Note: After your EIN is issued by the IRS, they will provide you with an EIN Confirmation Letter. At the top of the letter you will only see one of the spouses’ names and the abbreviation “SOLE MBR”. Don’t be alarmed though, your Qualified Joint Venture election has been noted by the IRS. Further, you aren’t technically “making the election” by obtaining your EIN. As stated in Revenue Procedure 2002-69 (section 4), however you choose to file your taxes (whether as a Partnership or a Qualified Joint Venture), the IRS will accept.
How to Change Husband Wife Partnership LLC to a Qualified Joint Venture?

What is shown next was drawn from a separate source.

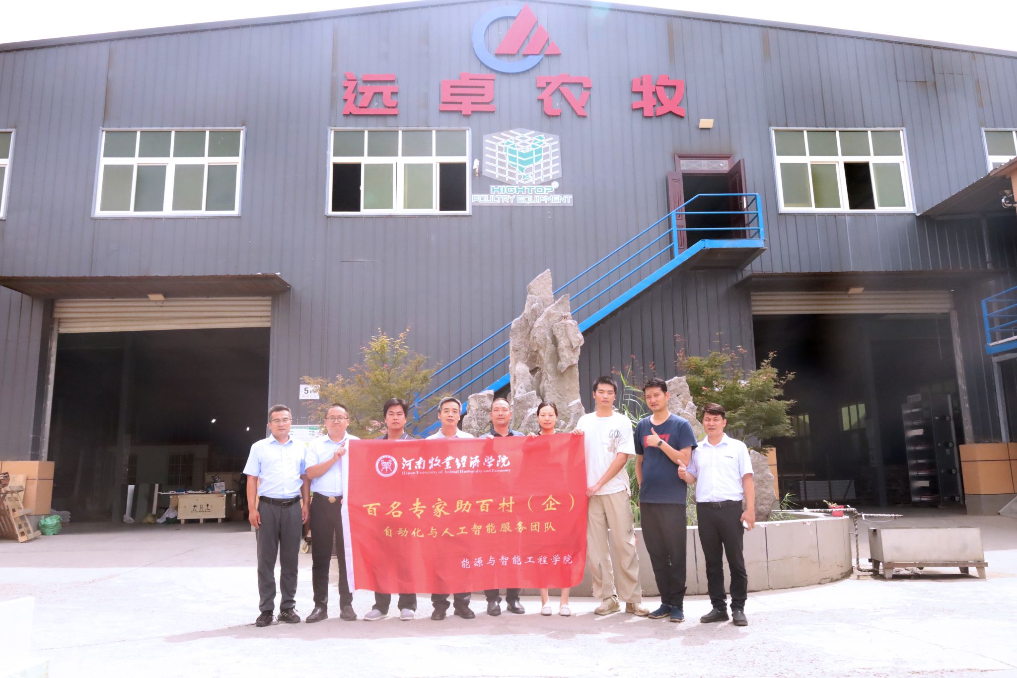 为深入贯彻“百名专家助百村(企)”工程(“双百”工程),充分发挥高校学科与专业优势,助力河南省智慧牧业技术创新与产业高质量发展,8月15日,能源与智能工程学院人工智能教研室教师杨志晓、张冰,以及信息工程学院教师王飞一行,赴郑州远卓农牧设备有限公司开展“双百”服务与技术合作洽谈。公司总经理王军,研发部马行坡、马峰涛、王星程,销售总监丁证伟,电商推广主管黑培鑫等热情接待并陪同参观交流。

Do you have an existing husband and wife LLC taxed as a Partnership and want to change it to a Qualified Joint Venture?
Here are the steps:
1. Make sure the LLC is formed in a community property state and you meet the requirements listed above.
2. Download this Qualified Joint Venture notification letter.
3. Mail your letter to the IRS.
Depending on the state where your LLC is located, you’ll mail your letter to either Kansas City, Missouri or Ogden, Utah:
Department of the Treasury
Internal Revenue Service
Kansas City, MO 64999
Department of the Treasury
Internal Revenue Service
Ogden, UT 84201
Note: There is no street address needed.
To determine which address you should use, please reference this page:
4. Wait 30-45 days for an IRS Confirmation Letter. The letter confirms that the IRS will now recognize your husband and wife LLC as a Qualified Joint Venture.